Although Yazidis enjoyed some freedoms during the monarchical period such as managing their own religious affairs, they still participated in movements or revolutions aimed at changing the ruling power in Iraq, in hopes that it would improve their situation. Yazidis who were soldiers in the Iraqi army of the monarchy, along with other soldiers, participated in the revolution of 14 July, 1958, led by Abdul Karim Qasim and his followers. After the victory of the revolution, some Yazidi soldiers became close guards of Abdul Karim Qasim in his domicile in Baghdad.

The revolution enjoyed the support of the majority among Yazidis in Sinjar, who hung banners, held demonstrations and national celebrations in favour of the revolution. On the other hand, some of the more religious Sinjari Muslims who saw the monarchy and king as a religious symbol, were unhappy with the change of the ruling power.

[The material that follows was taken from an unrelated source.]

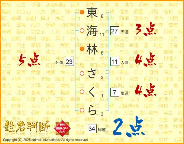 東(8画)海(11画)林(8画) さ(3画)く(1画)ら(3画)
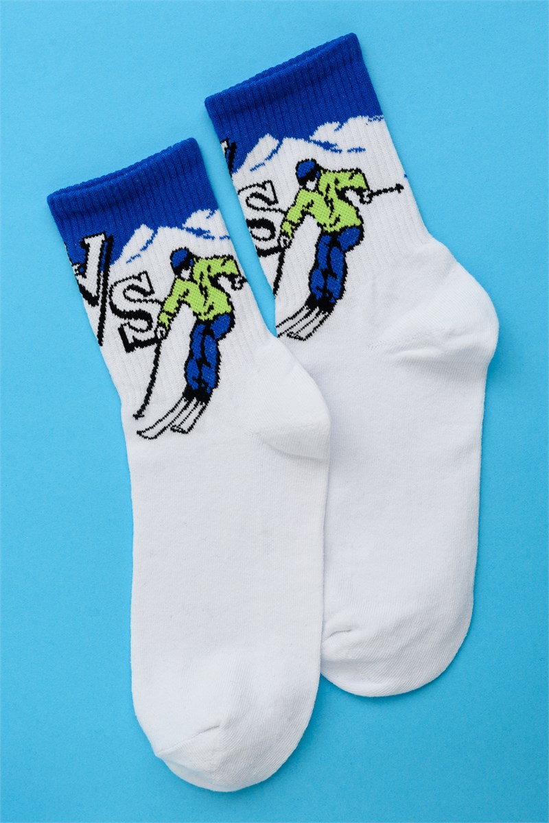Комплект мужских носков 1 пара. На верхней части носка изображение сноубордиста.

=== Ba'athist period and Arabization ===
After the Ba'ath Party returned to power in 1968, Yazidi communities were affected by the government's wider Arabization policies in northern Iraq. Under the Ba'athist state, Arab nationalism was promoted as a basis of national identity, while non-Arab minority communities were subjected to policies intended to alter the demographic composition of contested areas and encourage identification with a state-sanctioned Arab identity.

In the Sinjar region, the government forcibly relocated Yazidis from rural villages into purpose-built collective settlements (mujamma'at). Eva Savelsberg, Siamend Hajo and Irene Dulz document the destruction of 137 Yazidi villages in or near the Sinjar Mountains and the relocation of their inhabitants into eleven collective towns bearing Arabic names; five Yazidi neighbourhoods in Sinjar were also subjected to Arabization in 1975. Similar policies were implemented in Sheikhan, where numerous villages were evacuated, their residents were transferred to collective settlements, and some agricultural land was subsequently transferred to Arab settlers.

Arabization also affected the official classification and cultural life of Yazidis. In the Iraqi censuses of 1977 and 1987, Yazidis were required to register as Arabs. In areas subjected to intensive Arabization, including Sinjar, Kurdish-language education was restricted and Kurdish was prohibited in schools, with education instead conducted in Arabic. Scholars have described these measures as part of a broader effort by the Ba'athist state to weaken distinct minority affiliations and promote an official Arab identity. The effects of the forced resettlement were long-lasting: after the Ba'athist regime fell in 2003, many Iraqi Yazidis continued to live in the collective settlements created during the Arabization campaigns rather than returning permanently to their former villages.

On August 14, 2007, the Yazidis in Iraq were victims of the 2007 Yazidi communities bombings in Sinjar, which killed 796 people.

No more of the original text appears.